§ WORK TO BE COMPLETED: Pictures are to be left out; every line from the one that holds "Con los datos" to the end of the data is to be retyped exactly.

§ GIVEN INFORMATION:
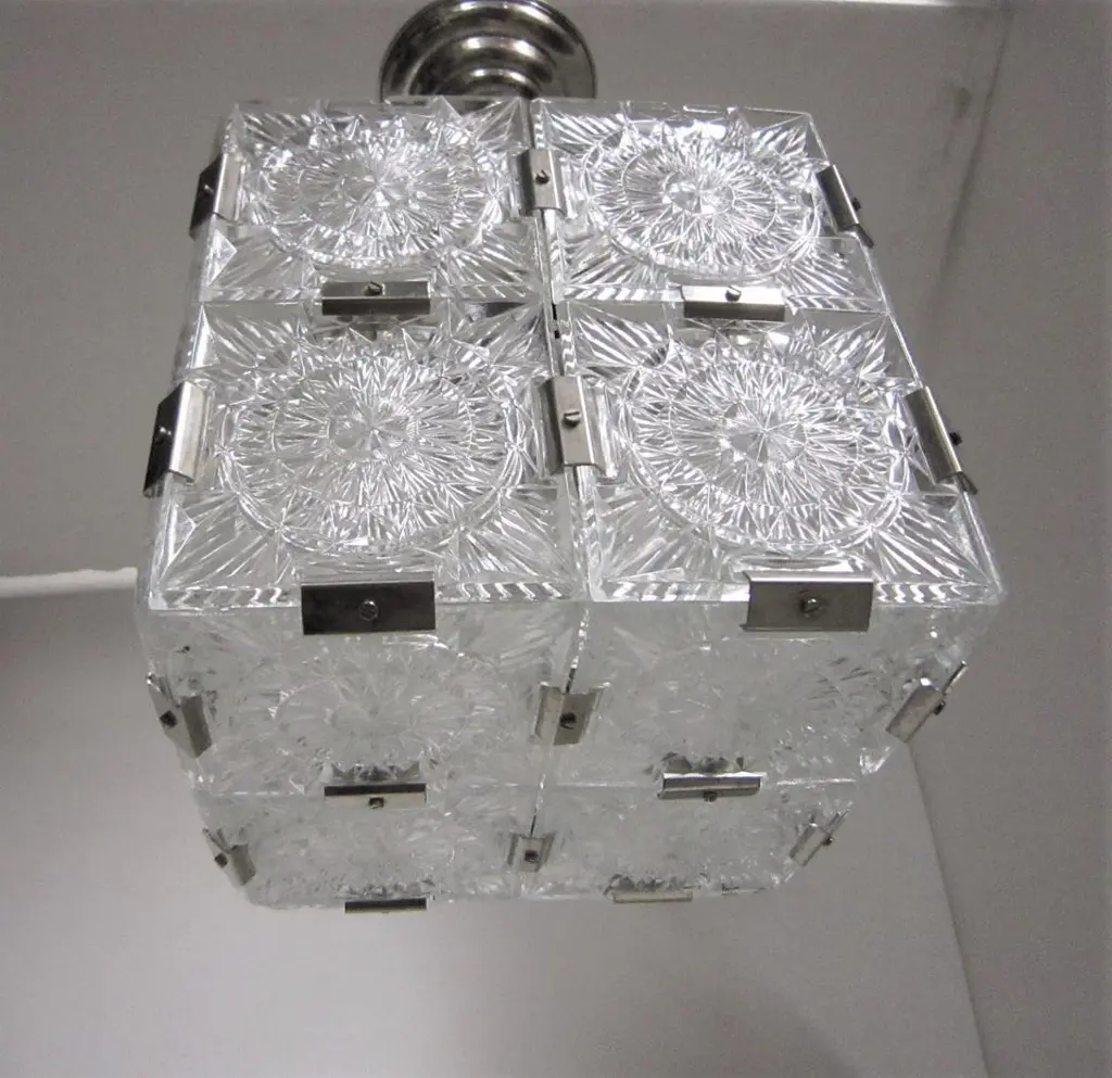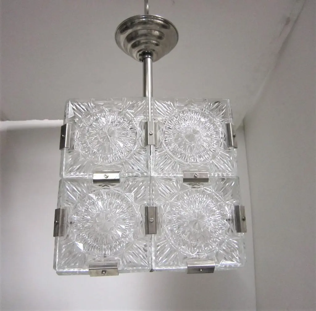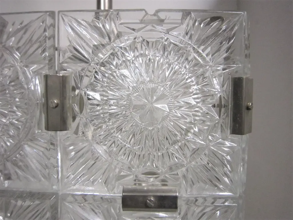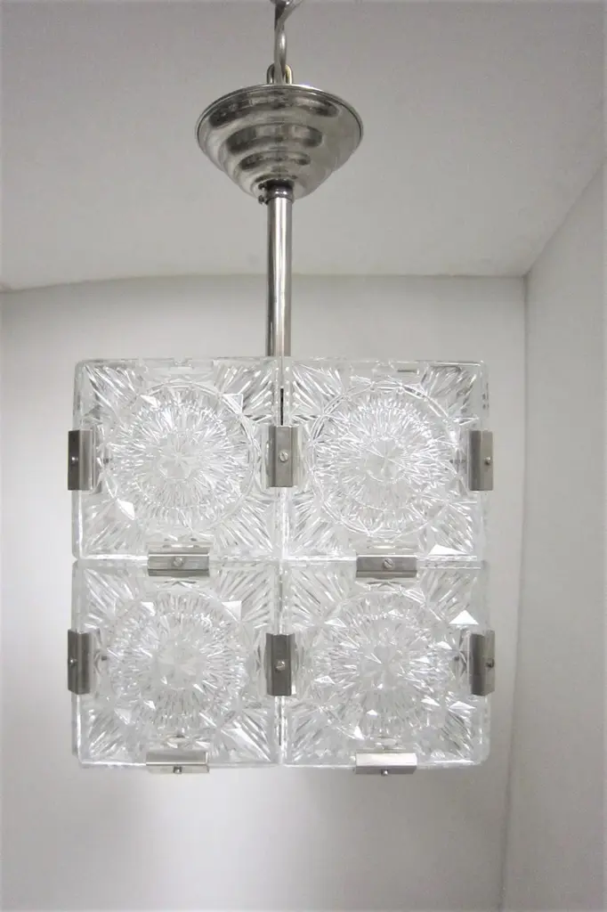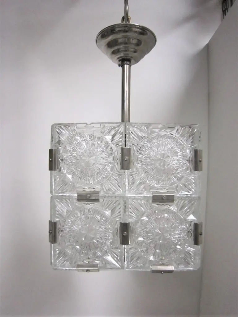 Multiple pendant squares available. Priced here as a set of three.Modernist square chandeliers comprising 20 squares of cut-glass in two tiers formed together with original nickeled bronze brackets. The juxtaposition of the circular patterns in the glass amidst the overall square architectural shape creates a striking harmony. The pendant is dropped from the ceiling on a round single nickeled stem ending in stepped round canopy.The glass is clear in color. The variance seen in the photos are from the camera flash.The chandelier can be custom altered in height i.e.: lengthened or shortened for a surcharge.Holds four candelabra sockets. Can house either incandescent or LED bulbs.Due to periods of historic turmoil, a lot of the glass designers worked for multiple lighting manufacturers. Entire sections of countries were annexed by adjoining countries. Borders changed. Czechoslovakia was under German occupation and rule. After the war, from 1948-1990, it became part of the Eastern Bloc. As a socialist and satellite state of the Soviet Union, it had an economy of command where rules, production … were determined and set by the government.In 1958, Czechoslovakia exhibited in the Brussels World Fair and gained world -wide attention for using modern materials of steel, glass and plastic. The country even won the main and several other prizes for its lights. This new style of lighting became known as the Brussels style, a symbol of the golden decade of progress, reform and political liberation. But in 1968, the Warsaw Pact consisting of the Soviet Union, Bulgaria, Poland, Hungary invaded with the intention to forcibly halt the reforms. East Germany canceled and pulled out of the pact hours before the operation.Very good condition, newly wired for U.S. specs.Slight abrasions, barely visible pitting / wear on nickeled hardware clips commensurate with age.Lantern style, Moderne, Modernist, midcentury, Italian design, hallway fixtures, bathroom, entry foyer.
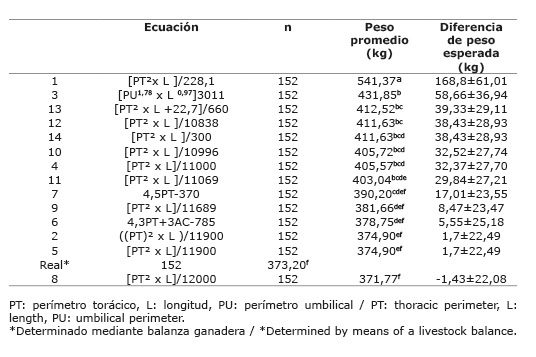 Con los datos alométricos de los 152 animales medidos, se obtuvo el peso estimado para cada uno según las ecuaciones descritas en el Cuadro 4. Se determinó que solo las ecuaciones 2, 5, 6, 7, 8 y 9 (Cuadro 4) permitieron hacer una adecuada estimación del peso de caballos iberoamericanos (p<0,05). Según la información obtenida, las diferencias promedio de peso al utilizar ecuaciones de predicción, fluctuaron entre 1,7 y 168,18 kg de peso vivo en condiciones de sobreestimación y de 1,43 kg cuando se subestimó el peso del animal (Cuadro 4).
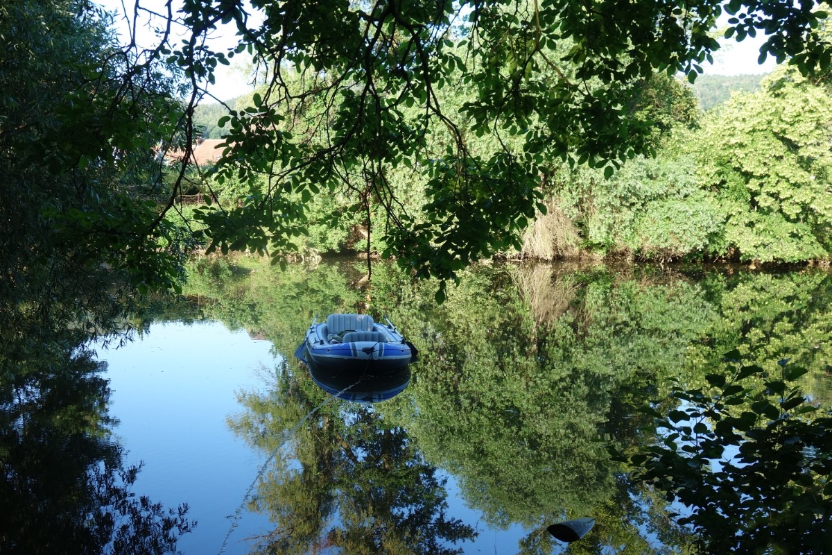 Pokračujeme dál,.......Na malé loučce před loděnicí kdosi spí. Myslela jsem, že bezdomovec, ale mýlila jsem se. Když jsme přišli blíž, všimla jsem si ještě opodál zaparkovaného pěkného člunu.

§ OUTPUT:
 Con los datos alométricos de los 152 animales medidos, se obtuvo el peso estimado para cada uno según las ecuaciones descritas en el Cuadro 4. Se determinó que solo las ecuaciones 2, 5, 6, 7, 8 y 9 (Cuadro 4) permitieron hacer una adecuada estimación del peso de caballos iberoamericanos (p<0,05). Según la información obtenida, las diferencias promedio de peso al utilizar ecuaciones de predicción, fluctuaron entre 1,7 y 168,18 kg de peso vivo en condiciones de sobreestimación y de 1,43 kg cuando se subestimó el peso del animal (Cuadro 4).
 Pokračujeme dál,.......Na malé loučce před loděnicí kdosi spí. Myslela jsem, že bezdomovec, ale mýlila jsem se. Když jsme přišli blíž, všimla jsem si ještě opodál zaparkovaného pěkného člunu.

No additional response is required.